Don't like it that insurance companies turn down some folks whose health conditions are so bad, they would never allow the insurance company to break even, let alone see any hope of profit? Simple . . . assigned risk pools. Just like we do in auto insurance, each insurer gets a percentage of the pool in the same ratio as their market share in the state. Funny thing is, they already exist in many states. Two more sentences.
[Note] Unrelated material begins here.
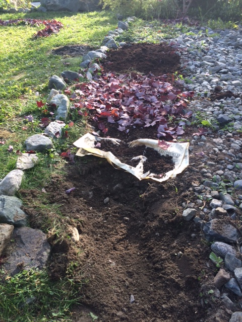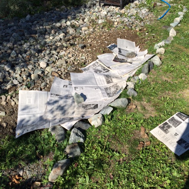 So as not to disturb the vital microorganisms already in the soil, lasagne gardens avoid toiling and tilling. Simply alternating carbon-rich ‘brown’ items (such as newspaper, sawdust or dried leaves) with nitrogen-rich ‘green’ items (kitchen vegetable scraps, eggshells, coffee grounds, etc) gives these micro organisms all that they require (warmth, moisture and extra nutrients) to create compost in no time. I started gathering said items: collecting out-dated newspapers from work, raking fallen crimson-coloured maple leaves, shoveling the horse manure left on the path behind my house (what’s that they say about lemonade?), mushroom compost and a big bag of soil.
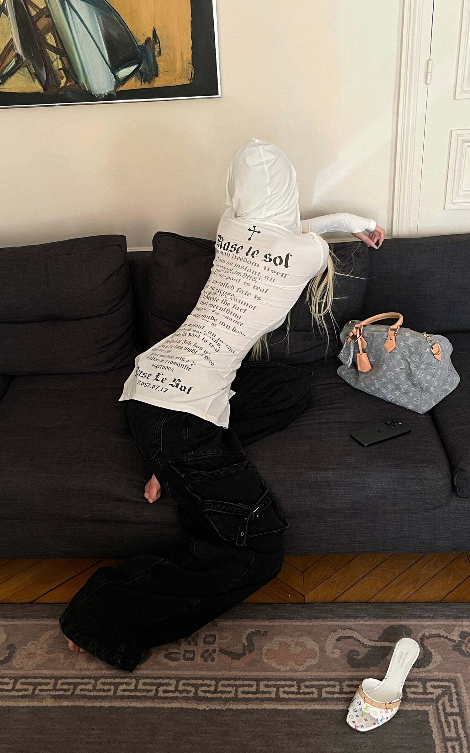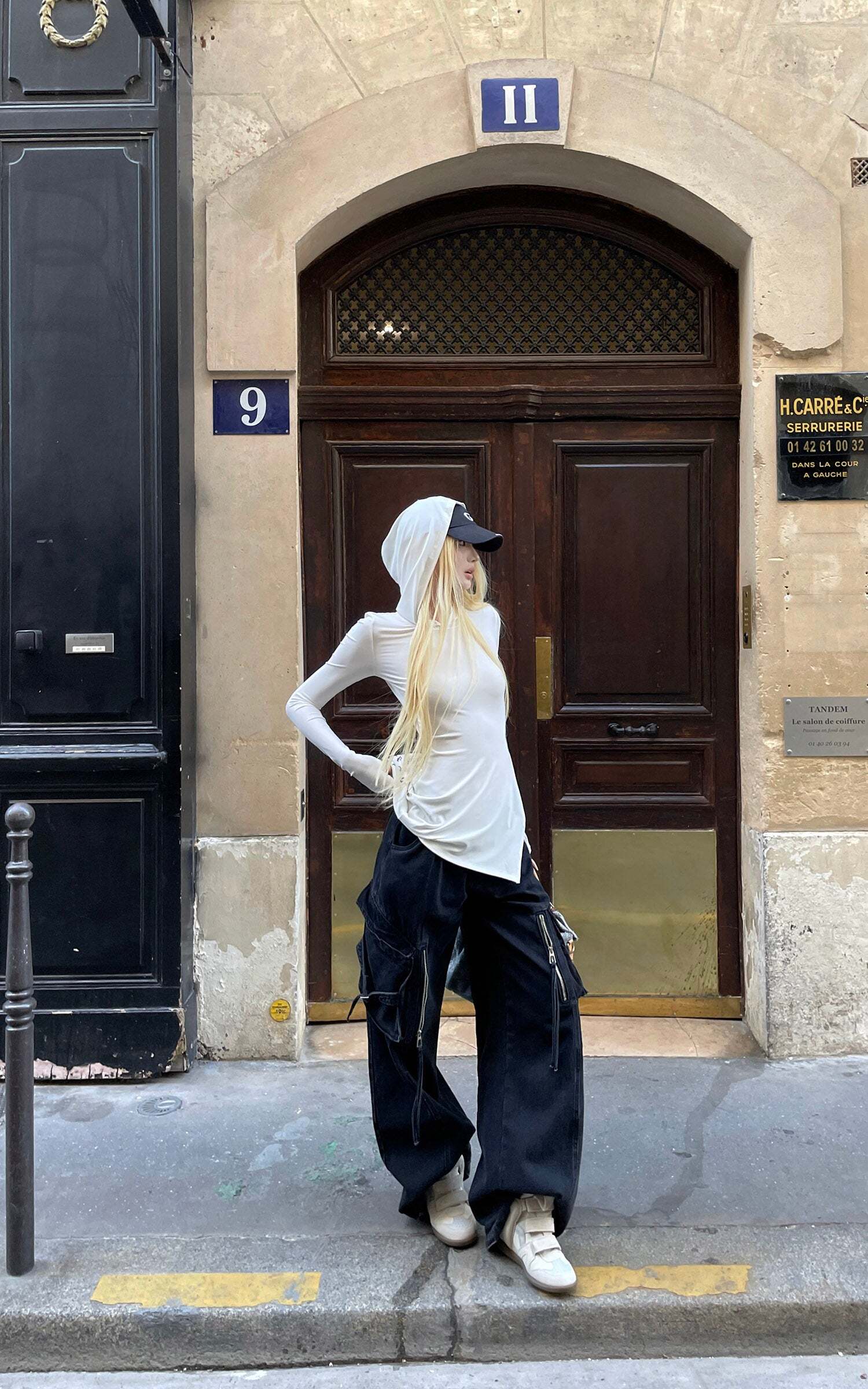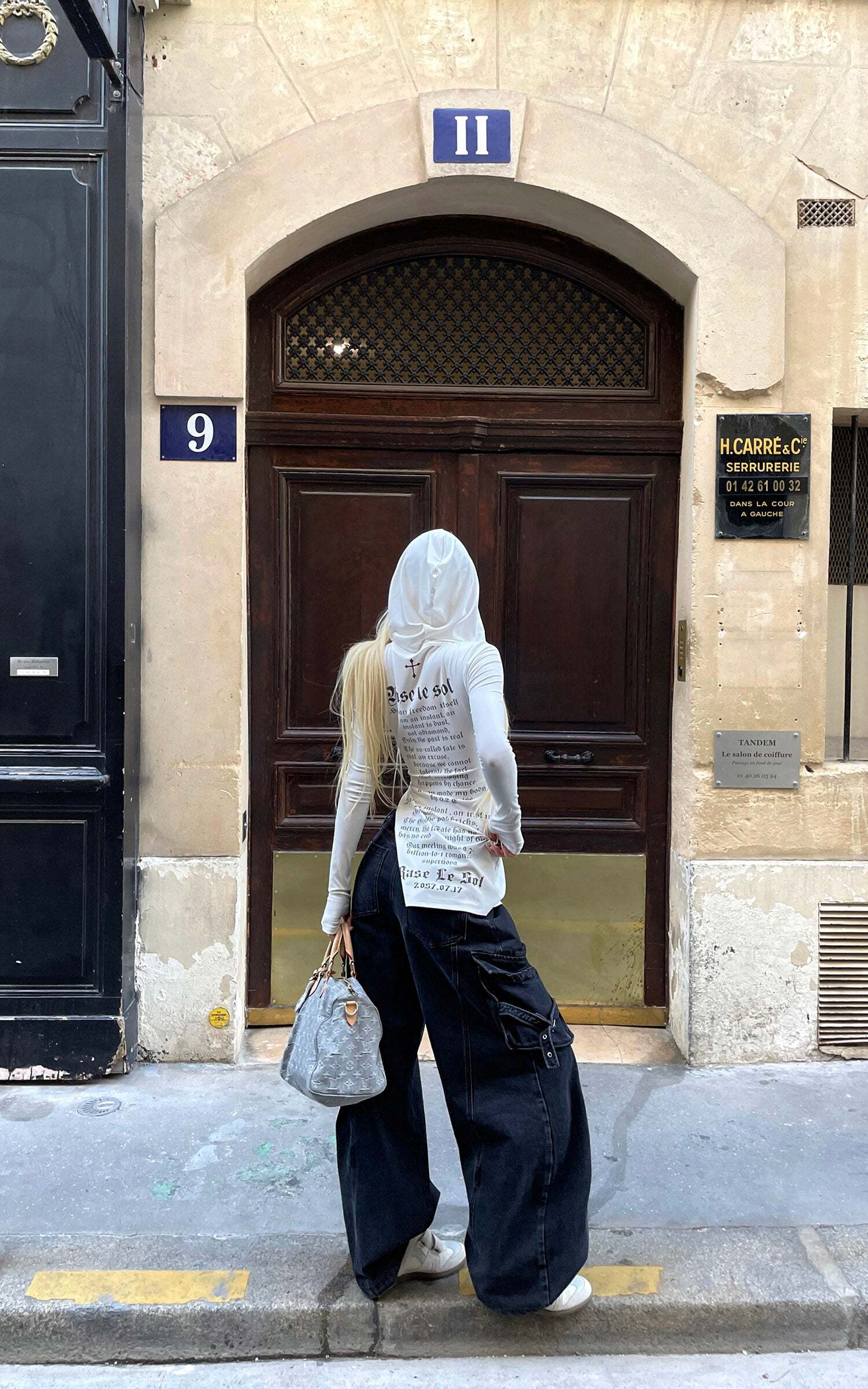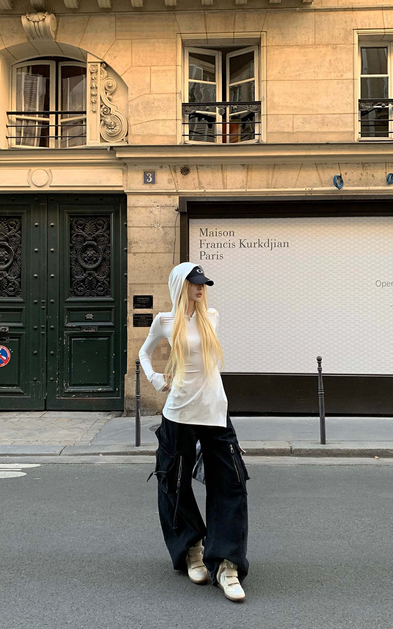 This lightweight hoodie clings to the body like a second skin, crafted from a stretch-knit fabric that breathes with ease. The back features an elongated Gothic script poem—whispered declarations etched in ink, breathing tension into stillness. An asymmetric slit hem disrupts the symmetry, slicing the silhouette into expressive motion. Whether paired with structured cargo trousers or a draped skirt, it evokes a solitary narrative in the quiet hum of the city.

Finally, as InsTeacher mentioned, the last frontier: Tort reform. No need to outlaw insurance companies, outlaw civil trial lawyers instead. At least the "Larry H. Parkers" of the [lawyer] world who somehow beat the ambulances to the hospital. The very UNFUNNY THING is, those two sentences will never be written as long as lawyers keep getting elected to state and federal legislative bodies.

Six sentences could solve the whole dilemma.

But I and others, like Congress, have to expend a lot of effort just to try to make a simple point.